The row crop farms segment is expected to have the highest CAGR during the forecast period
Over the forecast period, the row crop farms segment is predicted to witness the highest growth rate, driven by the enormous global cultivation area of wheat, maize, soybean, and rice, providing the largest addressable land area for AI soil carbon monitoring deployment, combined with the most active carbon credit program enrollment across major grain producing regions. Corporate sustainability programs focused on Scope 3 agricultural emission reduction in row crop commodity supply chains are generating systematic enrollment of grain farm portfolios in AI monitoring programs, creating high-volume platform adoption across North American, European, and South American grain production regions.
During the forecast period, the North America region is expected to hold the largest market share, due to the world's most developed voluntary agricultural carbon market infrastructure, concentration of leading AI soil carbon platform startups receiving significant venture capital investment, and large commercial grain farming operations with capital resources for technology program enrollment. The United States leads with established voluntary carbon registry infrastructure through the American Carbon Registry, Climate Action Reserve, and Verra, supporting agricultural soil carbon credit issuance that creates commercial demand for certified AI monitoring platform deployment.

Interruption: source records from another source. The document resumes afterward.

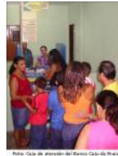
Foto: Caja de atención del Banco Caju da Praia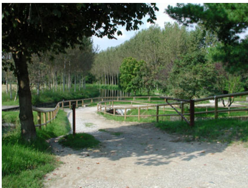
il percorso attraverso tomba morta

Ritornati per la stessa strada al canale Vacchelli, riprendiamo il percorso in uno scenario per lungo tratto caratterizzato da quiete e silenzio tra filari di pioppi. Arrivati in corrispondenza della cascina Colombara Nuova, si incontra un segno di vita: uno spazio in sponda destra attrezzato con panche, tavoli e tettoie, luogo di ritrovo dei pensionati di Trigolo; poi, superata la cascina ' Colombara del bosco ', lasciata sulla destra la cascina Gallotte e sovrappassato il cavo Geronda, impinguato dal nostro Canale, si arriva al ponte della provinciale Trigolo-Cumignano, a lato della quale troviamo la cascina Castelletto Barbò, altra notevole testimonianza di architettura rurale, lambita dal Naviglio Civico, che per il prossimo chilometro ci troveremo sempre quasi parallelamente a poca distanza sulla sinistra.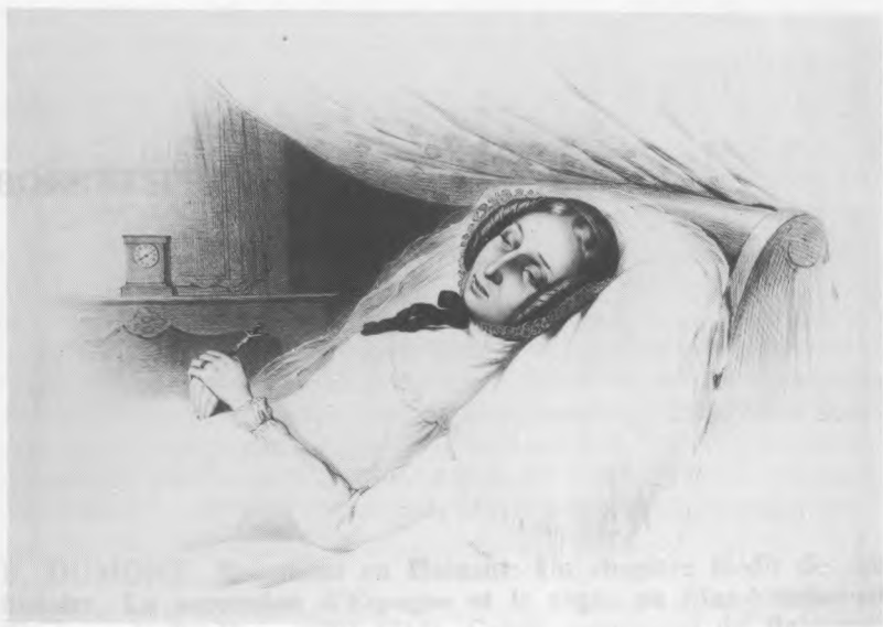
Koningin Louise-Marie op haar sterfbed (Catalogus Lith. Nr. 15).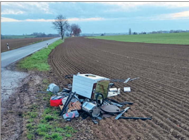
Aufnahme vom 16.03.2026 zwischen Pinnewitz und Leippen

Wir bedanken uns für Ihre Mithilfe, die Umwelt sauber zu halten.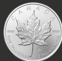
Maple Leaf 1 oz (31,10 g)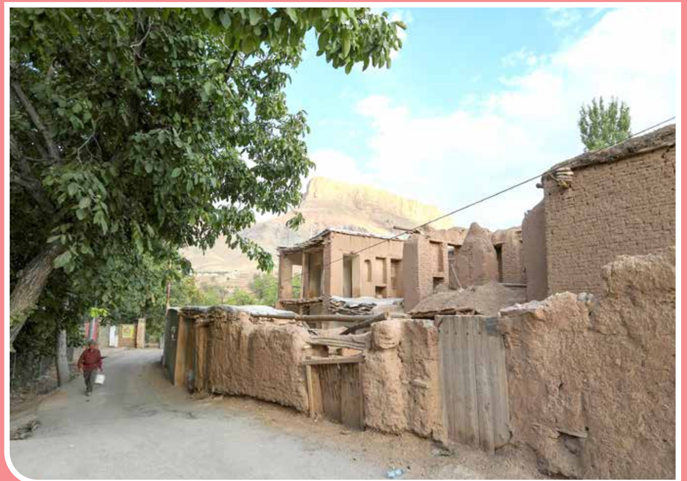
روستای «وشتگان» در شهرستان دیلیجان و بخش مرکزی و دهستان جاسب استان مرکزی واقع شده و آب‌وهوای بسیار مطلوبی دارد.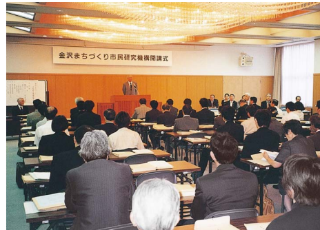
金沢まちづくり市民研究機構開講式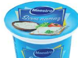
MAESTRO SIRNI NAMAZ 250G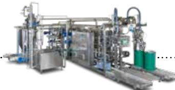
READYGo™ ASEPTISCHER MONOBLOCK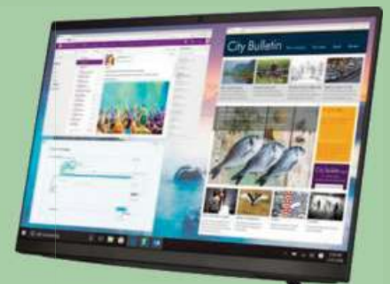
ALL IN ONE LENOVO IC 3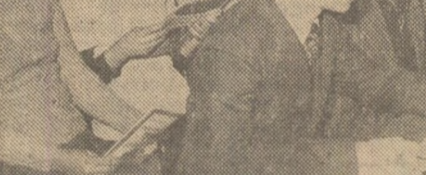
Moment important din activitatea politico-educativă desfășurată în aceste zile în comuna Aluani-Iloș. În lîntuna din stînga cîmînului cultural, cooperatori, elevi în vacanță, lucrători de la cooperativa „Cîmpul” la o expunere cu tema „Documentele Congresului al XII-lea al P.C.R.”.

Am sosit în comuna Urcești tocmai în momentul în care la punctul de informare și documentare avea loc o întâlnire a brigăzii științifice cu numeroși cetățeni pe tema „Miturile și explicația lor științifică”. Care suscita într-un grad înalt interesul participanților. În același timp, în satul Popoști se deschisese o expoziție de carte social-politică. De asemenea, se aflau în plină muncă de creație membrii cercului de artizanat și de artă plastică.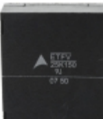
ETFV25K150E4 EPCOS (TDK) VARISTOR 240V 20KA RADIAL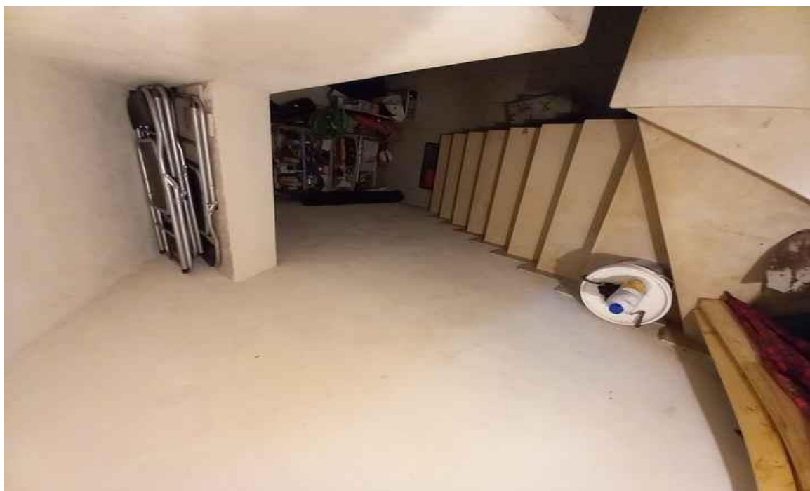
SCALA DI COLLEGAMENTO TRA IL GARAGE – SUB 5 – E L'ABITAZIONE – SUB 1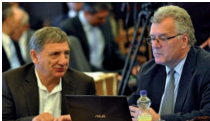
Az önkormányzat a kulturáltabb szórakozás mellett van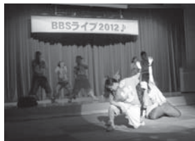
青少年によるライブコンサート

青少年によるライブコンサート BBS会は問題を抱える少年たちと、兄や姉のように接し、少年が自分で問題を解決し成長するための支援をするとともに、犯罪や非行のない地域社会を目指す青年ボランティア団体です。 本年度に、発足40周年を迎えました。名張BBS会は青少年のライブコンサートや、BBSクラブという中高生による活動など全国にも例のない独自の活動を展開し、青少年の健全育成に寄与しています。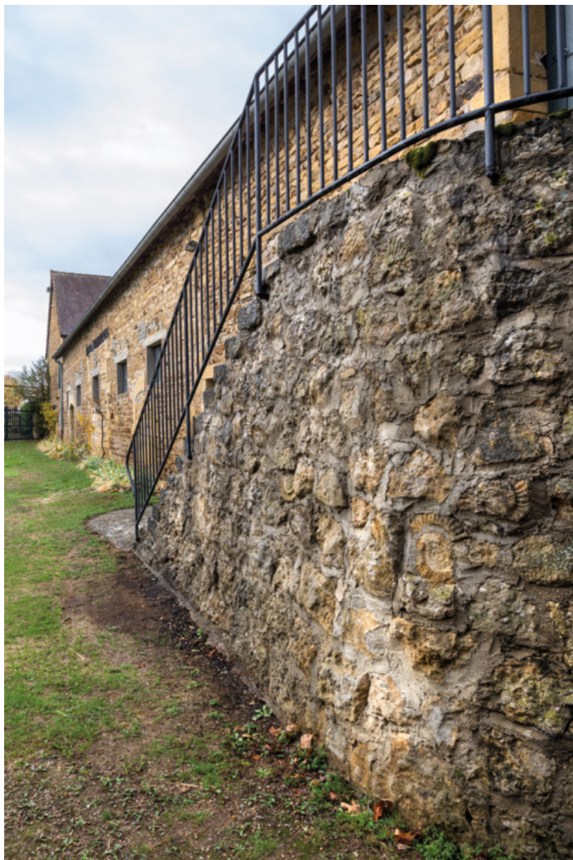
Vue de la grange et de l'escalier, à l'extrémité nord du bâtiment, dont la maçonnerie présente des fossiles 71, Poisson, lieudit : Martigny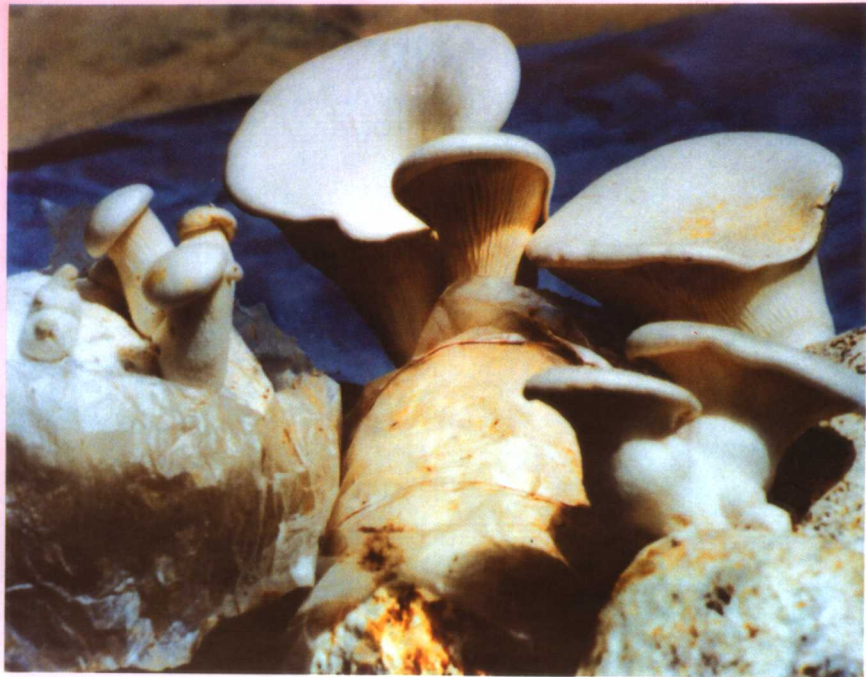
3. 白阿魏蘑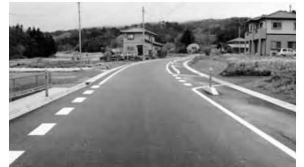
町道小松・南山線

Over the forecast period, the Europe region is anticipated to exhibit the highest CAGR, due to the EU Carbon Farming Initiative and Common Agricultural Policy carbon sequestration payment programs creating the world's largest regulatory compliance-driven demand for certified AI soil carbon measurement and verification platforms across European arable farmland. EU Farm-to-Fork targets mandating soil health improvement across member states and direct payment schemes incentivizing regenerative practice adoption are driving systematic AI carbon monitoring infrastructure investment with government co-funding support.
Key players in the market
Some of the key players in AI-Based Soil Carbon Sequestration Market include Indigo Ag Inc., Bayer AG, Yara International, Trimble Inc., IBM Corporation, Microsoft Corporation, SAP SE, Granular Inc. (Corteva), Regrow Ag, Nori Inc., Pachama Inc., ClimateAI, Descartes Labs, CropX Technologies, Agreena, Soil Capital, and Ecorobotix.

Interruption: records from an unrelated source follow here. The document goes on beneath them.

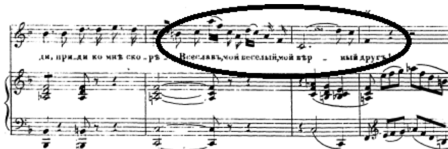
Figure 42 : Le Tombeau. Extrait la chanson de Nadežda. Numéro musical 1, acte I. « Vselav, mon tendre, mon cher ami ! », fa majeur, 4/4. Partition p. 15.

La virtuosité est plus marquée dans le second air de Nadežda 445 , « Le soleil éclatant brille, brille ». Nous avons déjà souligné les sauts d'octaves ascendants ou descendants. Notons aussi la présence d'un mélisme à la fin de l' aria .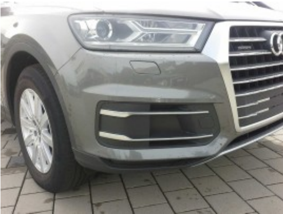
Beschädigung 1: Stossfänger vorn: Stossfänger vorn - verkratzt / verschürft - instandsetzen und lackieren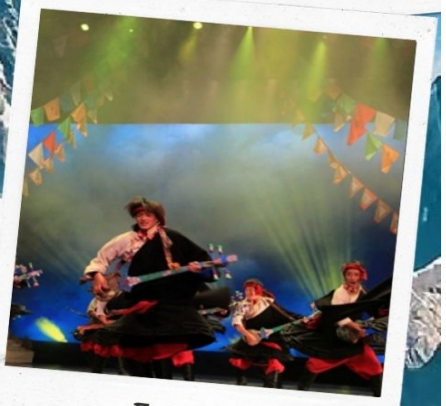
โชว์ทิเบต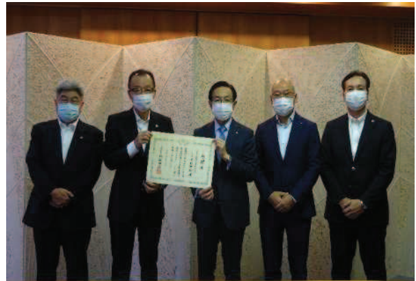
7月2日 京都府知事から感謝状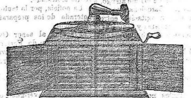
El Amphion abierto (cliché n.º 2)

con una maleta de pegamoid, con asa de cuero y conteras de metal, y así el aparato (cliché n.º 3) dentro su maleta es de tan fácil llevarlo como si fuera un saco de mano. Merced á este ingenioso llevarlo consigo para las vacaciones veraniegas sin sufrir molestia alguna de que no se le causa deterioro de ninguna clase.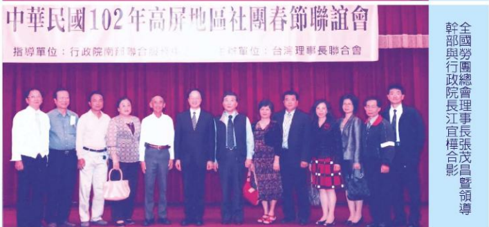
全國勞團總會理事長張茂昌暨領導幹部與行政院長江宜樞合影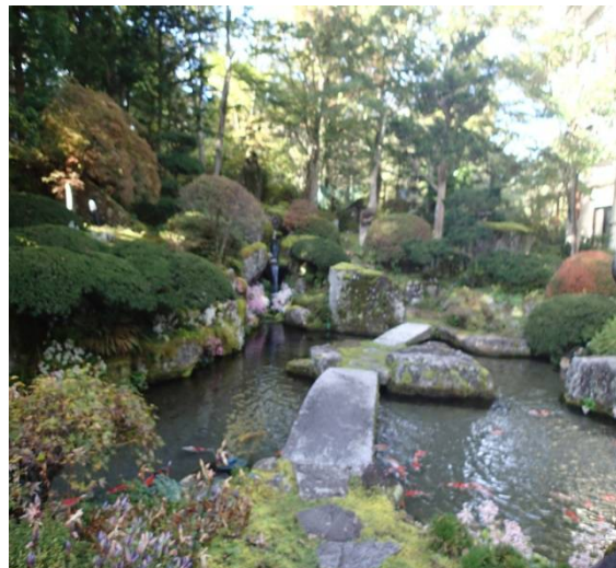
(庭園は鯉が泳ぎ、樹木は良く手入れされ、美しい庭園でした。)

宿の庭園と紅葉が素晴らしい、富士山は裾野から山頂まで望める。北口本宮富士浅間神社を 9 時 00 分スタートする。富士講信者の宿泊や食事の世話をした御師の住宅地を進み金鳥居を 9 時 30 分通過する。河口湖駅 10 時 25 分河口湖大橋 (500m) を渡り河口湖美術館前の広場で小休止 11 時 20 分、富士山はいつのまにか雲の中に隠れている湖畔の遊歩道を進み目的地の大石公園に 12 時 20 分ゴールする。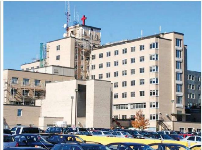
Hôpital régional de Saint-Jérôme.

La région des Laurentides a porté, depuis fort longtemps, des revendications légitimes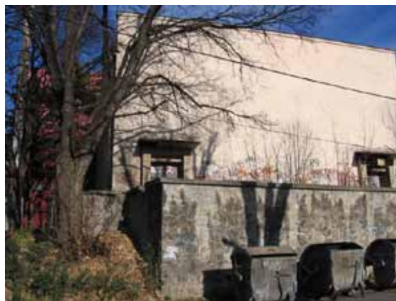
Sl. 39. Terasa bioskopa

Kada su u pitanju nedovršeni građevinski poduhvati, treba pomenuti poslovni objekat u delu Južnog bulevara prema Autokomandi (Sl. 40). Gradnja tog objekta počela je još 90-ih godina prošlog veka. Osim što predstavlja ruglo za nedavno renoviran Južni bulevar, taj objekat postao je i mesto okupljanja „ilegalnih stanara“.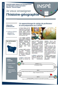
Contenu de la formation

In March 2026, Regrow Ag launched a next-generation AI soil carbon prediction platform, achieving third-party validated accuracy standards across diverse soil types for simultaneous compliance with multiple voluntary carbon market registry methodologies.

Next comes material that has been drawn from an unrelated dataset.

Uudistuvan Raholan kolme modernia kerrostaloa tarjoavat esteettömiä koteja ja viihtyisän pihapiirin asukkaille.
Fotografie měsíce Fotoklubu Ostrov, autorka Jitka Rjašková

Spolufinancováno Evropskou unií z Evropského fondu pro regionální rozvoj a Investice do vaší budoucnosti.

In February 2026, Indigo Ag Inc. expanded its carbon program enrollment to European grain producers with an updated AI-based MRV methodology receiving EU Carbon Farming Initiative certification for direct payment scheme participation.
In February 2026, Agreena secured a major contract deploying AI soil carbon monitoring across 500,000 hectares of Danish and German arable farmland for compliance with EU Common Agricultural Policy carbon sequestration payment requirements.
Note: Tables for North America, Europe, APAC, South America, and Rest of the World (RoW) Regions are also represented in the same manner as above.